The installer does three things:
1. Creates a Python venv at `~/.claudetube/venv/`
2. Installs the `claudetube` package + dependencies (yt-dlp, faster-whisper)
3. Copies slash commands to `~/.claude/commands/` (global to all Claude Code sessions)

Restart Claude Code after installing.

### Works from any Claude Code session

The installer puts slash commands in `~/.claude/commands/`, which is the global commands directory. Every Claude Code instance on your machine will have `/yt` available -- no per-project setup needed.

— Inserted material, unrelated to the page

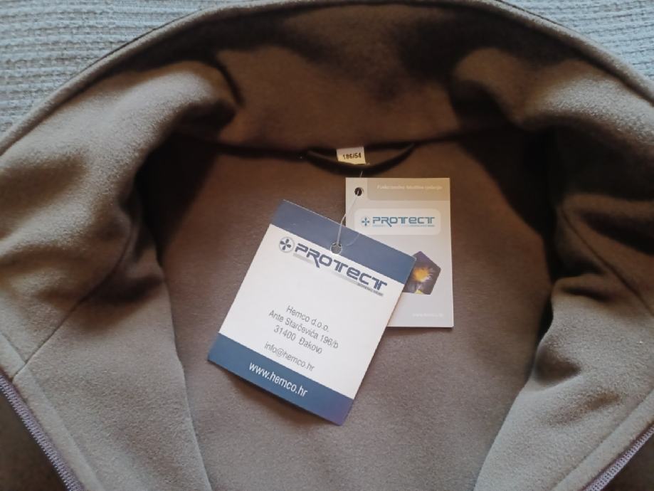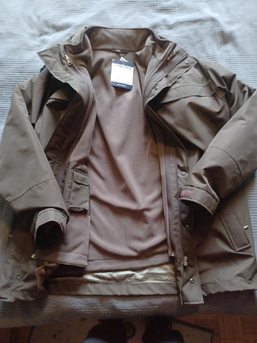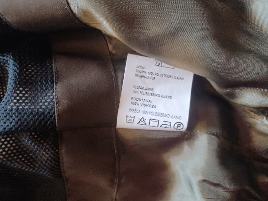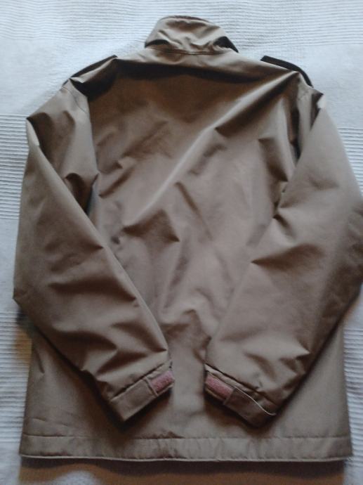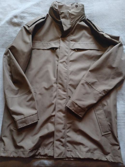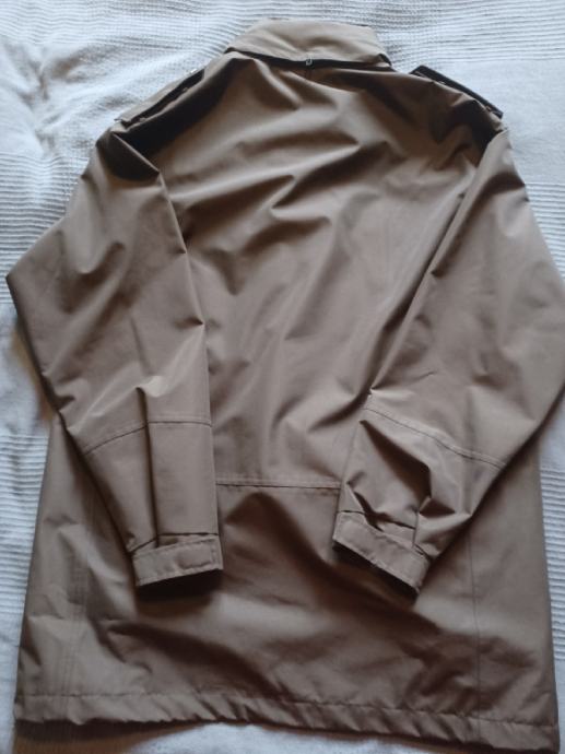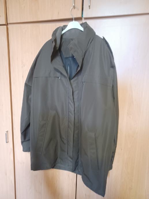 Službenu novu vodootpornu vojnu jaknu koja se sastoji od dva dijela, podjakne i nadjakne koji se mogu nositi neovisno i u kompletu, zavisno od vremenskih uvjeta prodajem. Podjakna dužine 75, širine 60, širine ramena 53, dužine rukava mjereno od ramena s vanjske strane 65 cm. Nadjakna dužine 94, širine 67, širine ramena 57, dužine rukava mjereno od ramena 67 cm. Nadjakna ima kapuljaču spremljenu u ovratniku.

### Why not a pre-built binary?

claudetube depends on faster-whisper (C++ transcription engine) and ffmpeg (system media tool). These have platform-specific native code that can't be bundled into a single static binary. The install script handles all of this automatically.

## Usage with Claude Code

```
/yt https://youtube.com/watch?v=abc123 how did they make the sprites?
```

Claude will:
1. Download and transcribe the video (~60s first time, cached after)
2. Read the transcript
3. If needed, extract frames to "see" specific moments
4. Answer your question

### Commands

| Command | Purpose |
|---------|---------|
| `/yt <url> [question]` | Analyze a video |
| `/yt:see <id> <timestamp>` | Quick frames (general visuals) |
| `/yt:hq <id> <timestamp>` | HQ frames (code, text, diagrams) |
| `/yt:transcript <id>` | Read cached transcript |
| `/yt:list` | List all cached videos |

## Python API

```python
from claudetube import process_video, get_frames_at

# Transcribe a video
result = process_video("https://youtube.com/watch?v=VIDEO_ID")
print(result.transcript_srt.read_text())

# Extract frames at a specific timestamp
frames = get_frames_at("VIDEO_ID", start_time=120, duration=10)
```

## How It Works

1. **Download** -- Fetches lowest quality video (144p) for speed
2. **Transcribe** -- Uses faster-whisper with batched inference
3. **Cache** -- Stores everything at `~/.claude/video_cache/{VIDEO_ID}/`
4. **Drill-in** -- Extract frames on-demand when visual context is needed

### Cache Structure

```
~/.claude/video_cache/
└── dYP2V_nK8o0/
    ├── state.json     # Metadata (title, description, tags, etc.)
    ├── audio.mp3      # Extracted audio
    ├── audio.srt      # Timestamped transcript
    ├── audio.txt      # Plain text transcript
    ├── drill/         # Quick frames (480p)
    └── hq/            # High-quality frames (1280p)
```

## Architecture

claudetube uses a **provider-based architecture**. Video downloading is handled through `yt-dlp`, which currently supports YouTube and [1000+ other sites](https://github.com/yt-dlp/yt-dlp/blob/master/supportedsites.md). The transcription and frame extraction pipeline is provider-agnostic -- it works with any video source that yt-dlp supports, and the architecture is designed to accommodate additional providers in the future.

## Development

```bash
git clone https://github.com/thoughtpunch/claudetube
cd claudetube
python3 -m venv .venv && source .venv/bin/activate
pip install -e ".[dev]"
pytest
```

### Linting

```bash
black src/ tests/
isort --profile black src/ tests/
flake8 src/ tests/
```

## Contributing

Contributions are welcome! Please open an issue or submit a pull request.

1. Fork the repository
2. Create a feature branch (`git checkout -b feature/my-feature`)
3. Run tests and linting before committing
4. Open a pull request against `main`

## Legal

This project is **not affiliated with, endorsed by, or associated with YouTube, Google, or Alphabet Inc.** "YouTube" is a trademark of Google LLC. This software is an independent, open-source tool that interacts with publicly available video content through third-party libraries ([yt-dlp](https://github.com/yt-dlp/yt-dlp)). Users are solely responsible for ensuring their use of this software complies with all applicable terms of service and laws.

## License

[MIT](LICENSE) -- free to use, modify, and distribute.